Revista Opinión

La improbabilidad del bien

Publicado el 25 enero 2015 por Hugo
La degradación irreversible de la vida terrestre debida al desarrollo industrial ha sido denunciada y descrita desde hace más de cincuenta años. Quienes explicaban el proceso, sus efectos acumulativos y los previsibles puntos de no retorno, pensaban que una toma de conciencia le pondría término mediante algún tipo de cambio. (...) Contrariamente al postulado implícito de toda la «crítica de los efectos nocivos» (...) según la cual el deterioro de las condiciones de vida sería un «factor de rebelión», fuerza es constatar que el conocimiento cada vez más preciso de este deterioro se integraba sin fricciones en la sumisión (...).
René Riesel y Jaime Semprún, 2008.
Si en entradas anteriores (1, 2, 3, 4, etc.) he planteado la tesis de que las diferencias culturales y la complejidad social estarían obstaculizando la siempre buscada pero nunca alcanzada revolución –en el sentido más amplio y ambicioso de la palabra, es decir, en un sentido más benjaminiano que marxista-, ahora deseo ir un poco más lejos al sostener que aun cuando la mayoría de la población adquiriese los conocimientos necesarios para replantearse las grandes imposturas de nuestra cultura –Estado, capital, dinero, trabajo asalariado, ciudad, propiedad privada, industria, tecnología, escuela, progreso, religión, domesticación, etc.-, lo más probable es que del dicho al hecho siguiese habiendo un trecho. Esa es una de las críticas que desde Aristóteles se le viene haciendo al «intelectualismo moral» de Sócrates. A la improbabilidad de que la mayoría lleguemos a conocer teóricamente lo que es bueno y lo que no –al menos hasta cierto punto razonable y suponiendo que dicho conocimiento pueda ser objetivo-, hay que sumarle la improbabilidad de que lleguemos a ponerlo en práctica conscientemente.
Mi macropesimismo –esto es, mi desconfianza en las cosas tan grandes que escapan a nuestro control, como una nación o una revolución moral- no niega que pueda haber momentos más buenos que los que vivimos –y también más malos-, con personas y sociedades mejores que las nuestras, pero sí pone en tela de juicio el que se pueda conseguir –y por lo tanto tampoco conservar una vez conseguido- intencionalmente. Al contrario que la mayoría de creyentes, filósofos, humanistas, ilustrados, profesores, científicos, sociólogos, intelectuales, políticos, activistas, educadores sociales y revolucionarios (quienes a lo largo de generaciones han basado su filosofía de la historia en el par colectivismo-antropocentrismo, cuya fe inquebrantable en la mejora de la humanidad como un todo ha hecho de ese binomio ideológico la religión más popular y perniciosa de todas), no creo que la sabiduría humana, que es una cualidad individual, escasa y difícilmente comunicable a los demás, pueda transformar a un país o al mundo en su conjunto –“cambiar la historia misma”, como dice Alberto Garzón de Izquierda Unida-, siendo más bien la inercia de los tiempos y la imitación cultural –o «el azar y la necesidad» de Monod- las encargadas de hacerlo. Y no solo es que no pueda, sino que cuanto más insistamos en ello, peor nos irá.

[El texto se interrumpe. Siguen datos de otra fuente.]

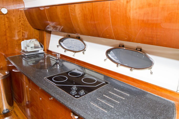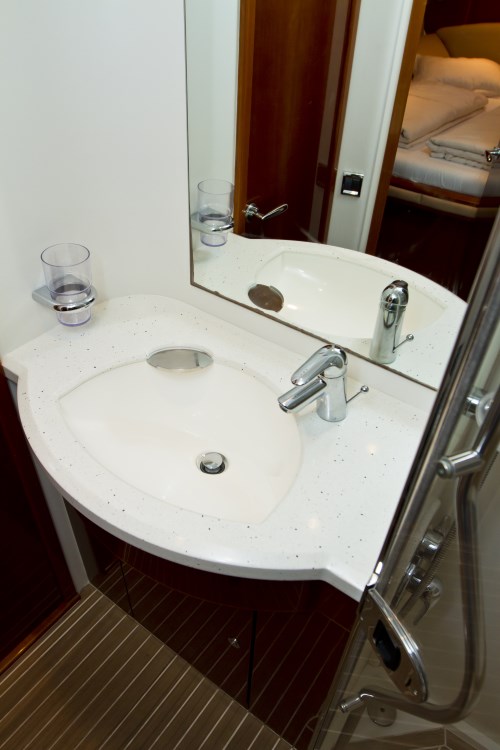 | Outside | 220 V-Landanschluss, Anker mit Kette, Badeleiter, Badeplattform, Cockpitdusche, Cockpitkühlschrank, Cockpittisch, Cockpittisch absenkbar, elektr. Ankerwinsch, Fender, Festmacherleinen, Grill, Hardtop, hydraul. Gangway, Sonnendeck, Teak auf Badeplattform, Teak im Cockpit, Tendergarage |

Antes que Homo sapiens somos Homo socialis: la socialización es más determinante que el saber abstracto, mal que nos pese a algunos. El ser humano generalmente preferirá estar acompañado en la injusticia que solo en la justicia ("si me dieran la sabiduría con la condición de mantenerla encerrada, sin comunicársela a nadie, la rechazaría", confesaba Séneca), pues la naturaleza recompensa más la supervivencia que la verdad. En ella cuatro ojos vagos ven más que dos sanos. Es la «ley del mínimo esfuerzo», como nos decían en la escuela. Las sociedades complejas, como sistemas irreflexivos que son, no tienden a alcanzar y conservar el mayor bien posible, ya que eso supondría mucho esfuerzo y poca recompensa para ellas. A Gaia le pasa tres cuartos de lo mismo. Si tiene algún propósito inconsciente, no es crear un mundo mejor para los que la habitamos, sino perpetuarse en el tiempo a nuestra costa, como hacemos los organismos con los sistemas inferiores (órganos, células, átomos, etc.). Para los sistemas que están por encima de nosotros (ciudad, sistema empresarial, ecosistema, sistema Tierra, etc.) no somos más que «perros de paja», meros subordinados. Podemos resistirnos. Es más, debemos hacerlo -en la próxima entrada insistiré en ello-, pero no conviene seguir engañándose: a largo plazo la banca siempre gana.